(Stored dataset items)
++++++
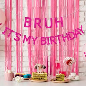 - Banner Teen Girl Bruh It's My Birthday: o pacote inclui 1 banner “BRUH IT'S MY BIRTHDAY”. Com a ajuda do banner de aniversário do pincel rosa choque, você pode experimentar um estilo de festa diferente. Será uma ótima decoração de festa para a festa de aniversário da sua garota.
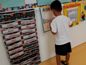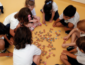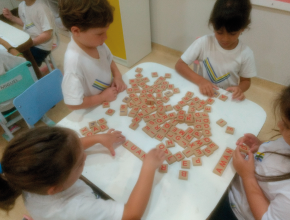 As “rodas de conversa”, a “chamadinha”, a “janelinha do tempo” e outras situações são oportunidades para os alunos se expressarem oralmente, começarem a perceber que existe uma língua escrita e a se interessarem pelo seu significado, desde o Berçário II. Por isso, nossos ambientes são letrados e várias atividades como “Oficina de leitura”, “Oficina Culinária”, “Detetives do Conhecimento” e “Descobrindo o universo infinito dos números” estimulam o registro de ingredientes e quantidades por meio de textos, histórias, livros, símbolos e ilustrações.
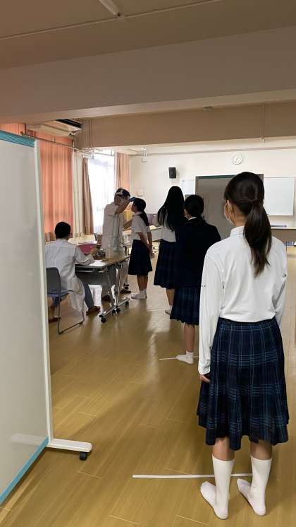 新型コロナウイルス感染症の予防のため、生徒のみなさんはマスクを直前まで着用し、手洗いをしてから教室に戻りました。引き続き、感染対策をしながら安心して検診を実施していきます。
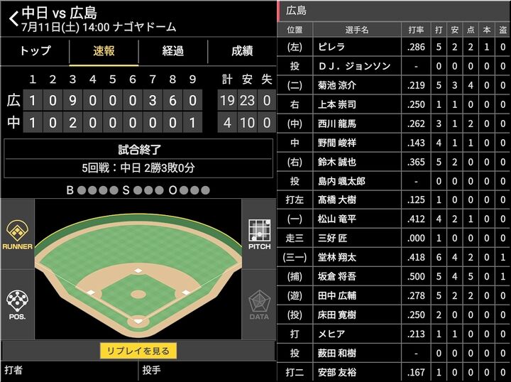 中日がサヨナラ勝ち。中日は1−2で迎えた9回裏、大島が犠飛を放ち、土壇場で試合を振り出しに戻す。そのまま迎えた延長10回には、ビシエドにソロが飛び出し、試合を決めた。投げては、4番手・R.マルティネスが今季初勝利。敗れた広島は、救援陣がリードを守れなかった。
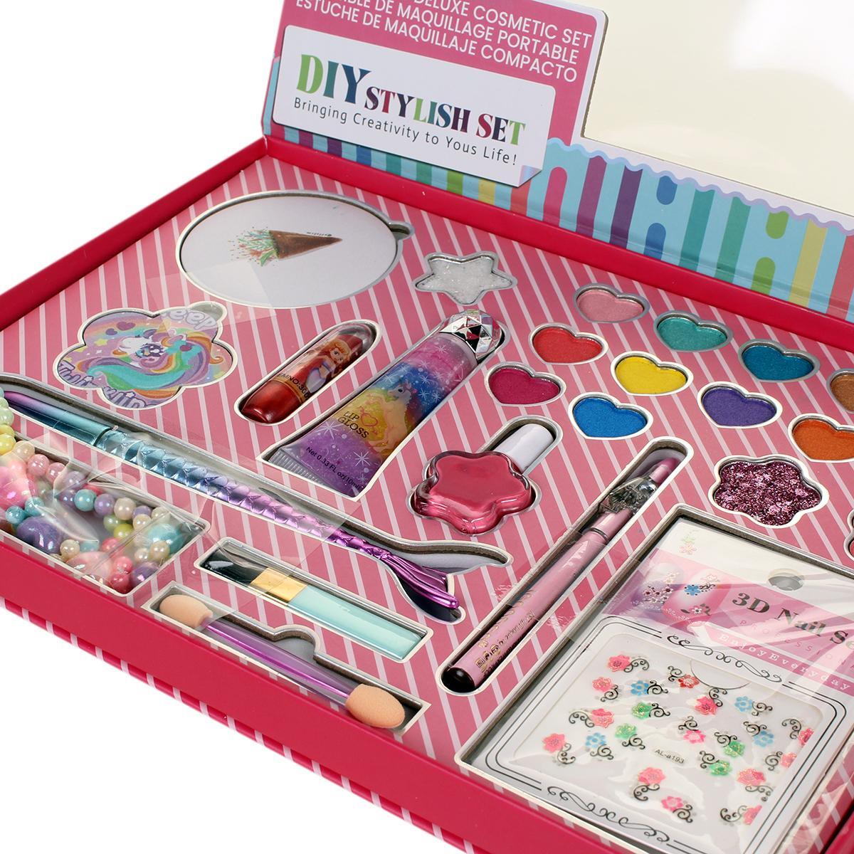 Подарите своей дочке возможность проявить креативность и стиль с этим замечательным косметическим набором! Он не только безопасен, но и гипоаллергенен, что делает его идеальным выбором для детей. Набор включает в себя разнообразные косметические продукты, такие как блеск для губ, тени для век, румяна и аппликаторы, что позволяет создавать множество образов и экспериментировать с макияжем.
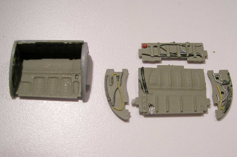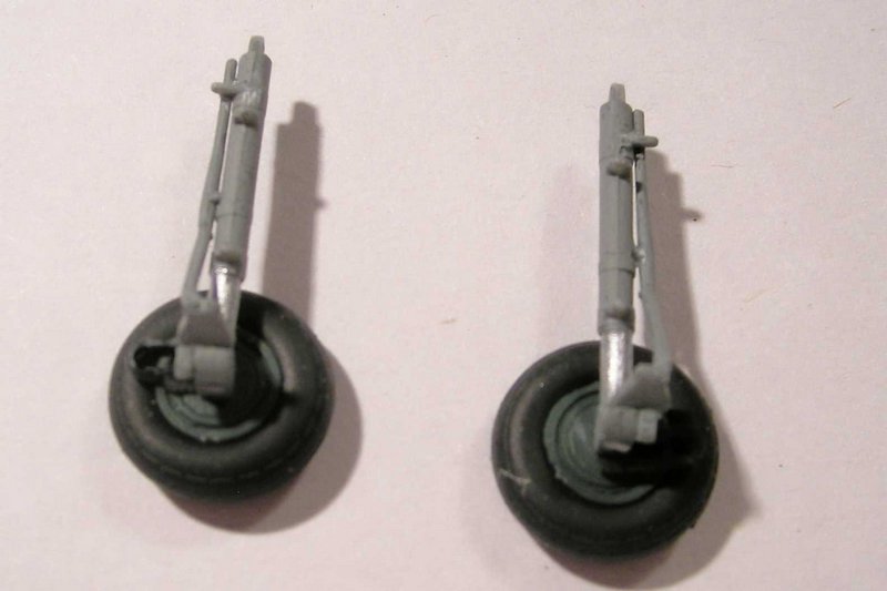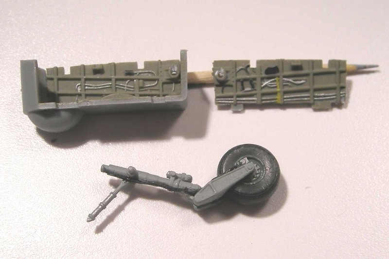 Weiter geht es mit dem Bugfahrwerk und bereits hier lässt uns Trumpeter mit rudimentären Farbhinweisen allein. Die meisten Fotos geben für den Fahrwerkschacht graugrün („RLM02“) oder alu an. Das Fahrwerk ist grau und die Felge grün. Der Zusammenbau ist problemlos, Kabel und Bremse verbessern die Optik. Gleiches gilt für den Hauptfahrwerkbereich.
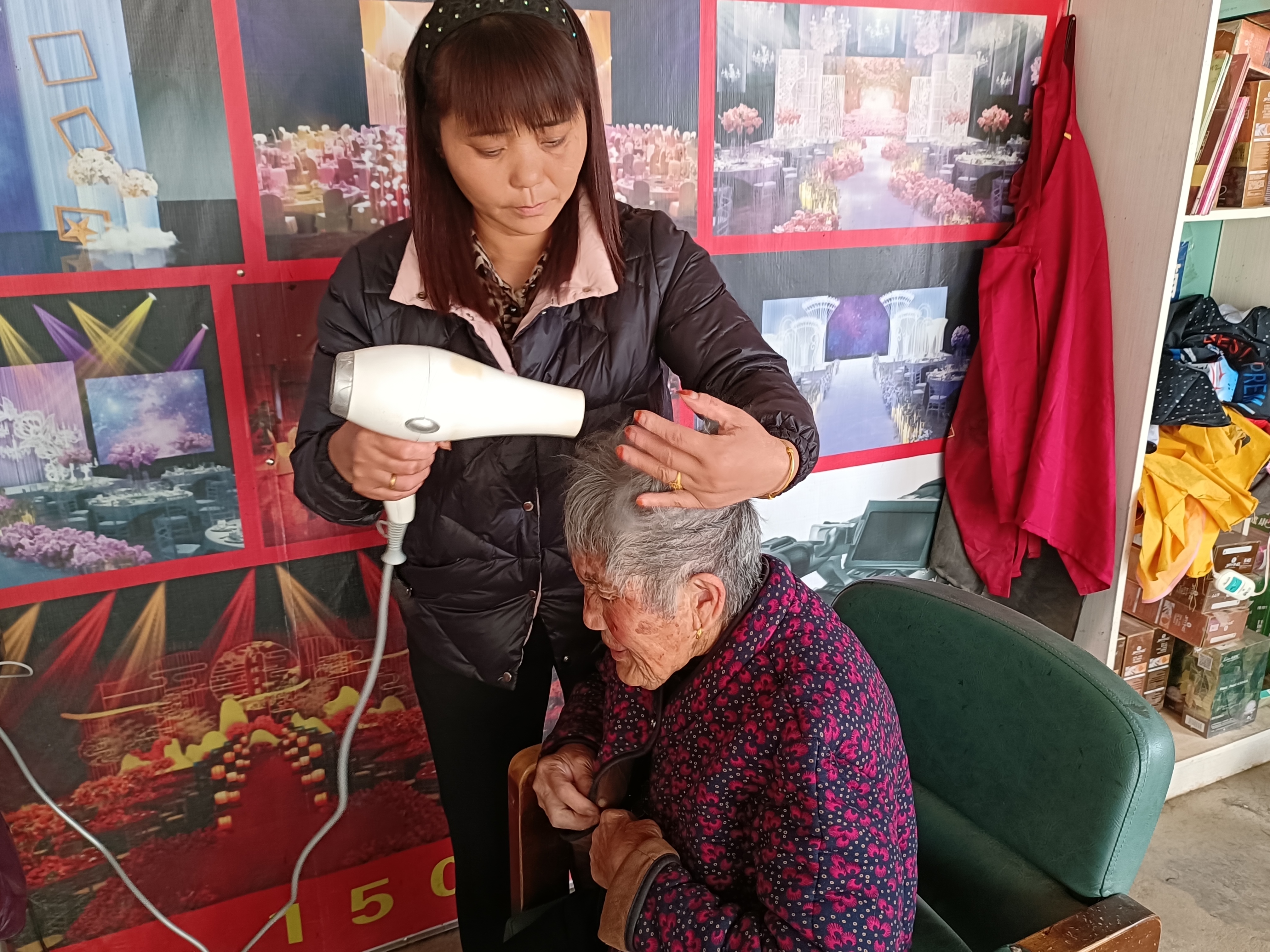 11月3日,記者接到熱線電話,說周口市城鄉(xiāng)一體化示范區(qū)搬口辦事處搬口行政村有位媳婦叫張書艷,她常年照顧90歲高齡的婆婆非常盡心。當天下午,記者來到位于周口市第十六初級中學附近的名流美發(fā)店,見到了忙著給客人理發(fā)的張書艷,她婆婆楊秀真坐在旁邊,兩人之間的交流宛若親母女。
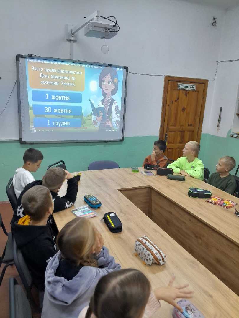 Виховний захід у 4 класі до Дня захисників та захисниць України, Дня Українського козацтва, Дня Покрови Пресвятої Богородиці. Учні ознайомилися з історією цього свята, хвилиною мовчання вшанували пам'ять загиблих героїв і героїнь, пройшли вікторину, намалювали малюнки захисникам. ДЯКУЄМО НАШИМ ГЕРОЯМ І ГЕРОЇНЯМ ЗА ЇХ ВІДВАГУ ТА НЕЗЛАМНІСТЬ У БОРОТЬБІ ЗА МИР В УКРАЇНІ!
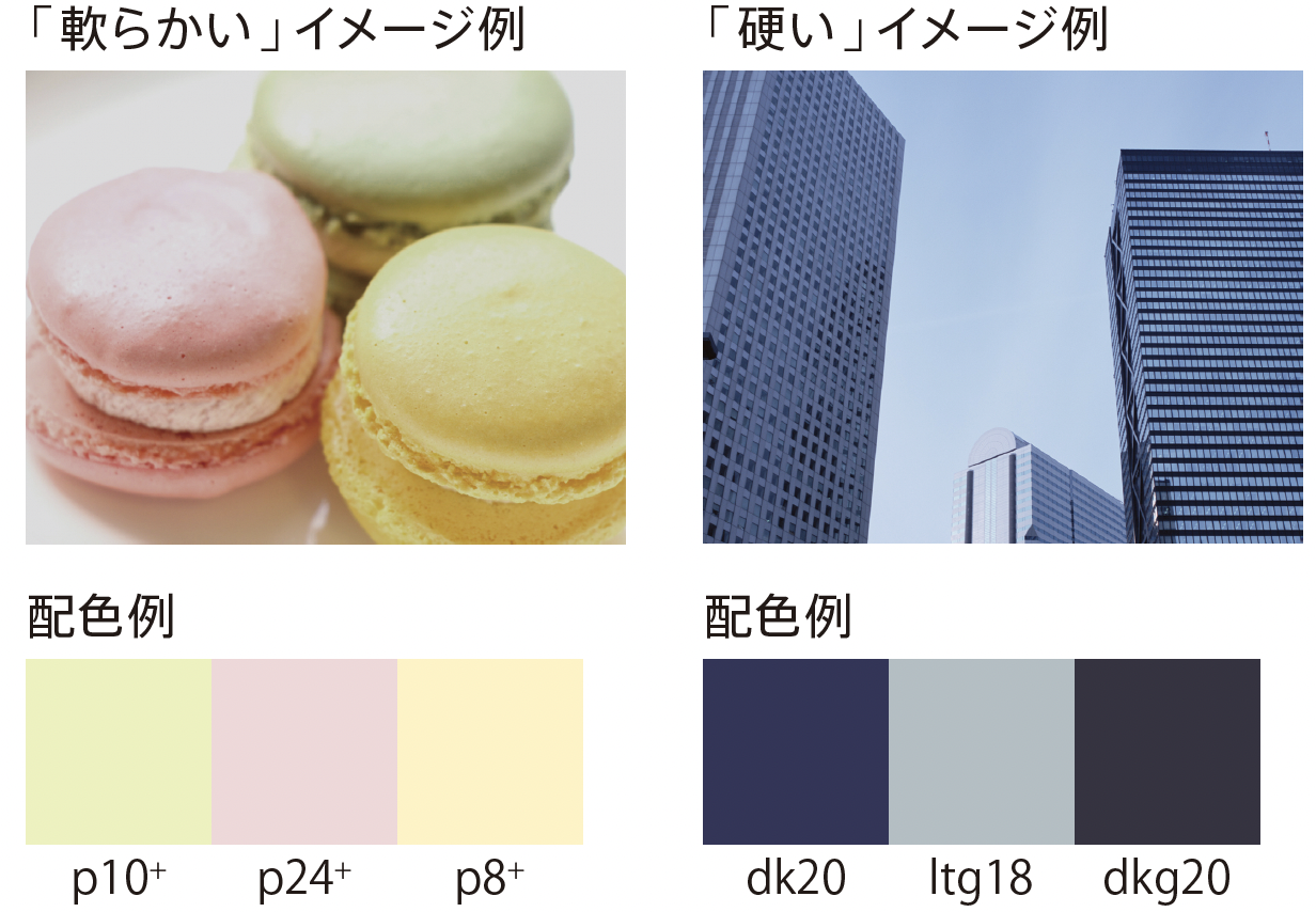 高明度色の組み合わせが「軟 らかい」イメージに、低明度 色の組み合わせが「硬い」イ メージになります。 曲線や有機的な形を使うと 「軟らかい」印象に、シャー プで直線的な形を使うと「硬 い」印象になります。
++++++
Directions for this task:
Retype, word for word, the line containing "Виховний захід у" and each line after it through the end of the data, leaving any picture out.

Output for this exercise:
 Виховний захід у 4 класі до Дня захисників та захисниць України, Дня Українського козацтва, Дня Покрови Пресвятої Богородиці. Учні ознайомилися з історією цього свята, хвилиною мовчання вшанували пам'ять загиблих героїв і героїнь, пройшли вікторину, намалювали малюнки захисникам. ДЯКУЄМО НАШИМ ГЕРОЯМ І ГЕРОЇНЯМ ЗА ЇХ ВІДВАГУ ТА НЕЗЛАМНІСТЬ У БОРОТЬБІ ЗА МИР В УКРАЇНІ!
 高明度色の組み合わせが「軟 らかい」イメージに、低明度 色の組み合わせが「硬い」イ メージになります。 曲線や有機的な形を使うと 「軟らかい」印象に、シャー プで直線的な形を使うと「硬 い」印象になります。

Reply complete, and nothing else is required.